Потом он достал из секретера небольшую коробку. В ней лежала всего одна голубая жемчужина. Красоты необыкновенной. Да что рассказывать — вы ее только что видели… Да-да, это та самая. Потом при мне он принес из соседней комнаты ларец из дуба и положил в нее маленькую коробочку с жемчужиной.

— А чтобы она не пропала, вместе с ней будет лежать и это, — сказал Андре, — укладывая в ларчик никелированный с перламутровой рукояткой пистолетик «монте-кристо». — С виду игрушка, а на самом деле любому «бульдогу» не уступит. Сделана на заказ…

Он долго пытливо смотрел на меня, бесстрастно выслушивая мои непритворные слова удивления и восхищения. Но в тот раз он и не предложил мне ничего конкретного. Насторожило его, очевидно, мое неосторожное восклицание, когда я рассматривал один рисунок знаменитого японского художника. Свой восторг я непроизвольно выразил по-японски…

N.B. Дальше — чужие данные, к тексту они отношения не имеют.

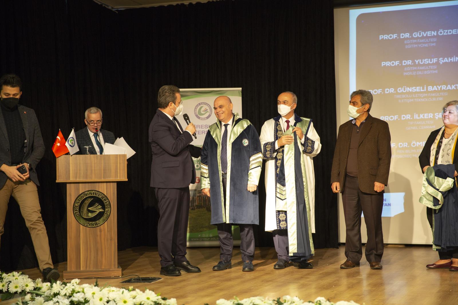 Açılış töreninde daha sonra, 2019 yılından bu yana öğretim üyesi kadrolarına atanan yaklaşık 300 öğretim üyesine “profesörlük”, “doçentlik” ve “doktor öğretim üyesi” cübbeleri giydirildi.

Операцию по задержанию преступников подготавливали тщательно. С помощью «профессора Грегорио» мы составили полный план всех помещений со всеми выходами, «расписали» обязанности. Учли, что бандиты вооружены. Когда я рассказал про жемчужину и «монте-кристо», было решено дополнительно по этому поводу допросить «профессора». Он показал следующее:

«Гражданин следователь. Мне как художнику и знатоку драгоценных камней часто доверяли производить экспертизу вещей, которые оказывались в руках у Андре и его сообщников. Однажды при „осмотре“ посылок наш шеф обратил внимание на тяжелый ящик, вес которого по сравнению с размерами показался подозрительным. Его, конечно, вскрыли… Среди вещей, которые не представляли ничего интересного, была фарфоровая статуэтка, полая внутри. Отверстие ее владельцы хорошо залили гипсом. Пришлось сделать вскрытие… Внутри оказался голубовато-серый жемчуг высокого качества. Все показывало на то, что он местного происхождения…

Дело в том, что жемчуг японский, добываемый из морских жемчужниц — пинктад и птерий — обычно розоватого оттенка. А перлы из пресноводных приморских жемчужниц — голубоватые, а иногда и дымчатые. Отдельно, завернутая в тонкую рисовую бумагу лежала большая жемчужина небесно-голубого цвета с палевым отливом. Может быть, она была добыта на Уссури… Там есть старательские артели. Наш шеф окрестил жемчужину в честь героя романа Дюма — „Граф МонтеКристо“. Этот перл такой величины и красоты, что намного превосходит по ценности перлы, добываемые у берегов Хонсю».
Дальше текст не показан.